** EXERCISE GOAL **
Skip every picture. Print each line from the one containing "klim- en speelbos" through the end of the records below, word for word.

** EXTRACTED MATERIAL **
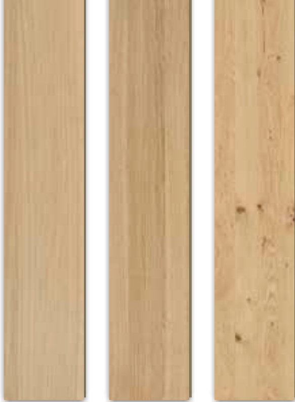
Oak Natural Adagio
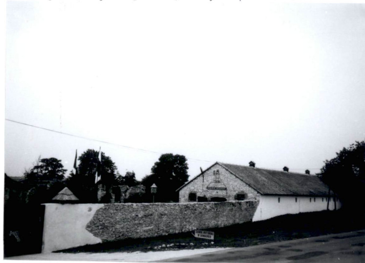
2. budynek stajni oraz mur, skrzydło północne
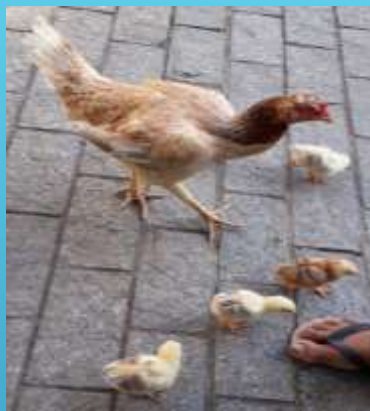
GALINHA E PINTINHOS
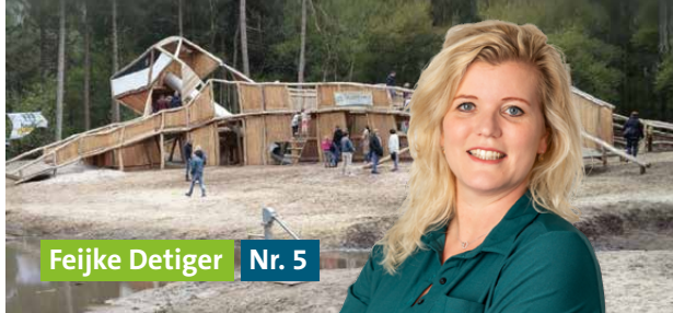
Feijke Detiger Nr. 5

“Een klim- en speelbos missen we nog in Wijchen.”
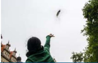
Sternschnuppen Wunsch Kit, Berlin
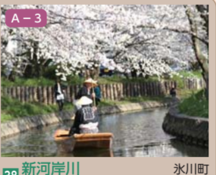
38 新河岸川(田谷堰から宮下橋にかけて) 氷川町ほか
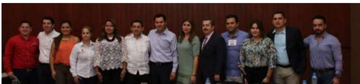
Reunión con la Red Estatal de Incubadoras y Diputados Locales. Junio 2017.
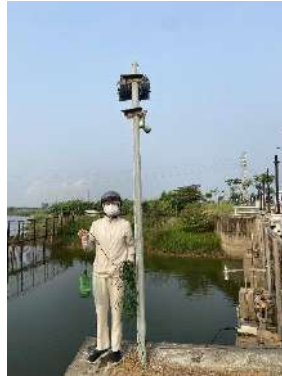
Hình 2. Thượng lưu NMN Cầu Đỏ
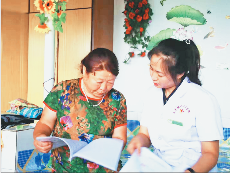
明水永丰卫生院工作人员到贫困户家核对健康扶贫台账。

** EXPECTED ANSWER **
“Een klim- en speelbos missen we nog in Wijchen.”
Sternschnuppen Wunsch Kit, Berlin
38 新河岸川(田谷堰から宮下橋にかけて) 氷川町ほか
Reunión con la Red Estatal de Incubadoras y Diputados Locales. Junio 2017.
Hình 2. Thượng lưu NMN Cầu Đỏ
明水永丰卫生院工作人员到贫困户家核对健康扶贫台账。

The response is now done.